In the fast-paced world of pharmaceuticals, speed to market is crucial—and the Biopharmaceutics Classification System-based biowaiver process offers a game-changing opportunity for companies looking to streamline drug development. Biowaivers are frequently used to support the approval of generic drugs. In cases where the drug formulation is the same and meets the biowaiver criteria, a generic version can be marketed without needing to undergo extensive human clinical bioequivalence trials. In some cases, biowaivers may also apply to new formulations of an existing branded drug, particularly for variations in salt forms, or when new dosage forms (e.g., from tablet to oral solution) are developed and the criteria are met.
The regulatory tool with ICH guideline M9 granted by health authorities, allows generic drug manufacturers to skip costly and time-consuming clinical bioequivalence studies, provided their product meets certain key criteria: The ICH M9 guideline categorizes drug substances into one of four BCS classes as follows:
Class I: high solubility, high permeability
Class II: low solubility, high permeability
Class III: high solubility, low permeability
Class IV: low solubility, low permeability
A biowaiver is typically granted for oral immediate-release dosage forms whose drug substance belongs to BCS class I or III. However, not all drugs qualify for a biowaiver. Complex formulations, sustained-release drugs, or drugs with a narrow therapeutic index cannot typically receive a biowaiver.
The major advantage of a BCS-based biowaiver is that it allows in vitro testing to be used instead of more expensive and time-consuming clinical bioequivalence studies. The permeability can be assessed in vitro using Caco-2 cells, a human colon carcinoma cell line widely used to model drug absorption in the gastrointestinal tract. The qualification is based on the permeabilities of known reference compounds. To meet the criteria for highly permeable compounds, active transport processes cannot be involved in permeation. Caco-2 cells endogenously express a variety of transporter proteins that are present in gastrointestinal tract and these cells can be utilized to show involvement of active transportation if it is a part of the absorption mechanism of the product.
Under the ICH M9 guideline, solubility is one of the two fundamental criteria (along with permeability) used to classify drugs within the Biopharmaceutics Classification System (BCS). For drug developers seeking a biowaiver, proving that a drug is highly soluble is a critical first step. To be considered highly soluble, a drug must meet this definition: The highest single therapeutic dose of the drug substance must be soluble in 250 mL or less of aqueous media over the pH range of 1.2 to 6.8, at 37 ± 1°C. This pH range is designed to reflect the conditions in the human gastrointestinal tract, from the acidic stomach to the more neutral small intestine. The 250 mL volume corresponds to the typical amount of fluid in the stomach under fasting conditions. In short, the drug must dissolve easily and completely in a small amount of fluid across a wide pH spectrum, mimicking real-life conditions after oral administration.

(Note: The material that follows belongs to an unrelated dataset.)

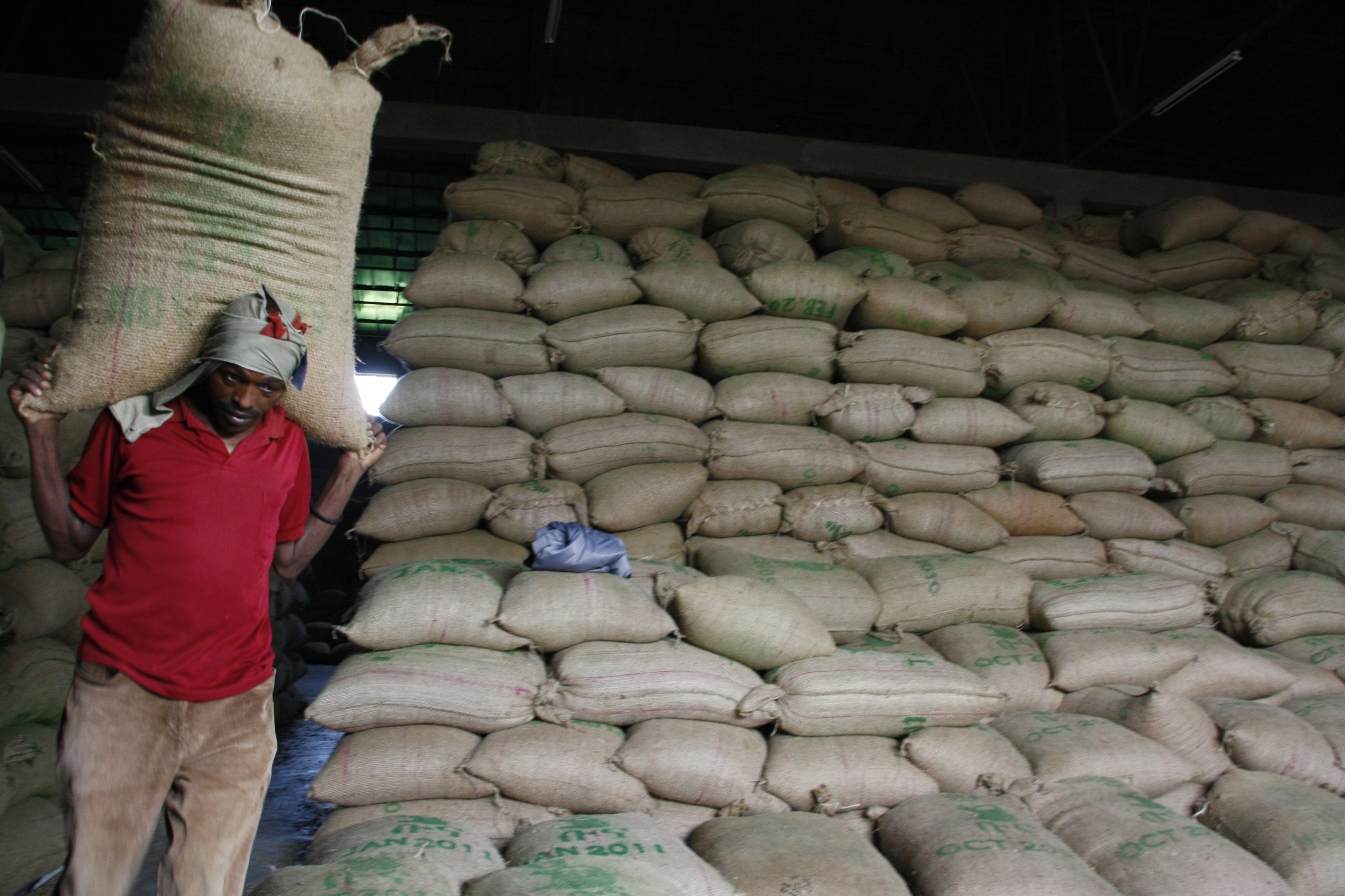 Moving coffee at the Ethiopian Commodity Exchange's warehouse in Awassa. Last year, the warehouse handled more than 870,000 bags of coffee. The coffee is stored according to quality – in grades from one to ten. DFID supported two leading research institutes who were tasked with finding a solution to Ethiopia's inefficient food and commodity markets. The UK aid funded research recommended setting up a commodity exchange and helped to design the warehousing, logistics and payment systems that the exchange uses today. The exchange helps to boost exports and secure a better deal for farmers and consumers. Photo: Pete Lewis/Department for International Development

The ICH M9 guideline outlines specific dissolution criteria for drug products to qualify for a biowaiver based on BCS classification (particularly for Class I and Class III drugs). These criteria are designed to ensure that the test product is just as effective as the reference drug without needing to go through clinical trials. Here’s how it works: For a drug to be considered bioequivalent based on in vitro testing alone, the dissolution profile of the test product must be comparable to the reference product. This involves testing the drug’s dissolution in three different media that represent the pH range of the human gastrointestinal tract:
- pH 1.2 (simulating the acidic environment of the stomach)
- pH 4.5 (simulating a buffer region in the stomach)
- pH 6.8 (simulating the environment in the intestines)
These tests must be conducted at 37 ± 1°C (human body temperature) to ensure realistic conditions. For a biowaiver to be granted, the test product must show that 85% or more of the drug dissolves in each of the three media within 30 minutes. This is known as the rapid dissolution criterion. If the drug product meets this requirement in all three media, the dissolution profiles of the test and reference products are considered similar.
If the dissolution is slower, then a similarity factor (f2) must be calculated to compare the dissolution profiles of the test and reference products. For the profiles to be considered similar, the f2 value must be ≥ 50, which indicates that the profiles are sufficiently close to one another in terms of the amount of drug released over time.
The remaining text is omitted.